The Valley Railroad is a heritage railroad based in Connecticut originally founded in 1868. I take my son and daughter there a lot.


On October 10 and 11, 2008, members of the Valley Railroad went to a liquidation auction in Kane Pa. for the Knox and Kane Railroad. They walked away purchasing steam Locomotive #58, the SY 2-8-2 type locomotive from China. The Valley Railroad completely rebuilt the locomotive to resemble a New Haven Railroad J-1 Mikado, and renumbered it VRR #3025.


----------



## Big Ed (Jun 16, 2009)

Nice, I like the old Passenger cars too.:thumbsup:

Now it is a Chinese/American engine.


----------



## seabilliau (Dec 12, 2011)

I love this engine they have because it is very similar to the Lionel Penn Flyer I have at home.
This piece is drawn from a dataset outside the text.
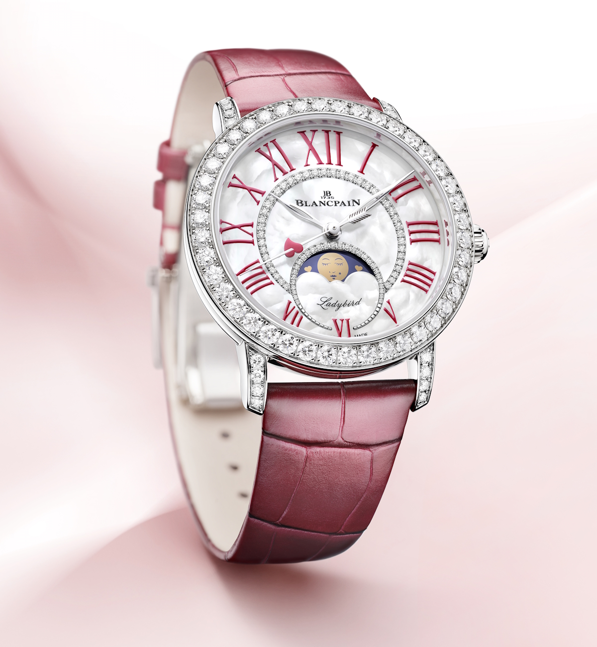Terminate queste brevi informazioni astronomiche, augurandoci che per quelle a venire il cielo non sia coperto da nuvole, torniamo al Blancpain di S.Valentino per dire che nel Ladybird Colors 2025 le fasi di luna sono dorate e, come da tradizione, mostrano tratti femminili (occhi chiusi con lunghe ciglia, labbra carnose e un neo all’angolo della bocca) su una nuvola di madreperla bianca.

All I need to do is replace the tender and get some green pullmans and I'll have my own little Valley RR line in the basement.


----------



## Big Ed (Jun 16, 2009)

You need some heavy weights like this.


----------



## rogruth (Mar 6, 2012)

Nice reshaping of the tender and other stuff.
It looks like an appopriate loco now.
"Opinion".


----------



## Big Ed (Jun 16, 2009)

rogruth said:


> Nice reshaping of the tender and other stuff.
> It looks like an appopriate loco now.
> "Opinion".



Thanks, I screwed up on the lettering some and still need to number the loco.
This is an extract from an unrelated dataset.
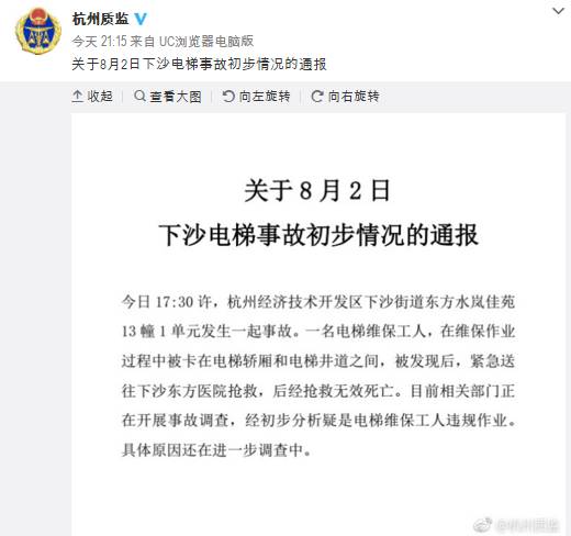 杭州市质检技术监督局昨晚21点15分发布通报:
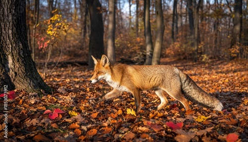 Obraz premium Fox Walking Through Autumn Forest with Orange Leaves on Ground

The rebuild is here, the train was a save from the dump.

http://www.modeltrainforum.com/showthread.php?t=7467


----------



## Gansett (Apr 8, 2011)

big ed said:


> Now it is a Chinese/American engine.


Yup, except an hour after you ride it you want to ride it again.
Been there several times. 

The Ct Air Museum in Winsor Locks is a great place too.:thumbsup:


----------



## seabilliau (Dec 12, 2011)

JackC said:


> Yup, except an hour after you ride it you want to ride it again.
> Been there several times.
> 
> The Ct Air Museum in Winsor Locks is a great place too.:thumbsup:


Have you visited the Danbury Railway Museum? I want to go and see the NH trains. Especially the NH RDC car. I'm in love with the RDCs for some reason. I'm looking for an RMT NH BUDDY to be exact.


----------



## Gansett (Apr 8, 2011)

No, I didn't even know of it until you mentioned it and I googled it. I'm 65 and the last time I was there, in Bethel right down the road, I was maybe 10.

This article mentions my great uncles, John and Harry Nelson. Those who are long in the tooth will remember Harry. He was Uncle Sam on stilts, he brought the house down when he first came out as Uncle Sam, at Madison Sq Garden when Ringling played there right after the end of WWII. When I was a kid and the circus came to Providence I always got the 25, not 5¢ tour. They were first part of the Nelson Troupe, my grandmother was a trapeze artist,,until she fell. 
Aw, it's a long story and I can get long winded but I don't remember John but have very fond memories of Uncle Harry.
A trip there might be doable.

http://www.newstimes.com/local/article/Bethel-to-celebrate-Barnum-his-way-668890.php


----------



## seabilliau (Dec 12, 2011)

JackC,
Holy cow! That sounds amazing. I don't think anyone would mind hearing more. As a matter of fact I think A LOT of people on this board would love to hear those stories. I know I would, especially about your great Uncle Harry. I'm serious. Please post more.


----------



## seabilliau (Dec 12, 2011)

*Update with more pictures of Valley RR in Essex, CT*

More photos of the Valley Railroad Co in Essex, CT. Of note is the snow plow car from the Hoosac Tunnel and Wilmington RR. Interesting RR to read about.


----------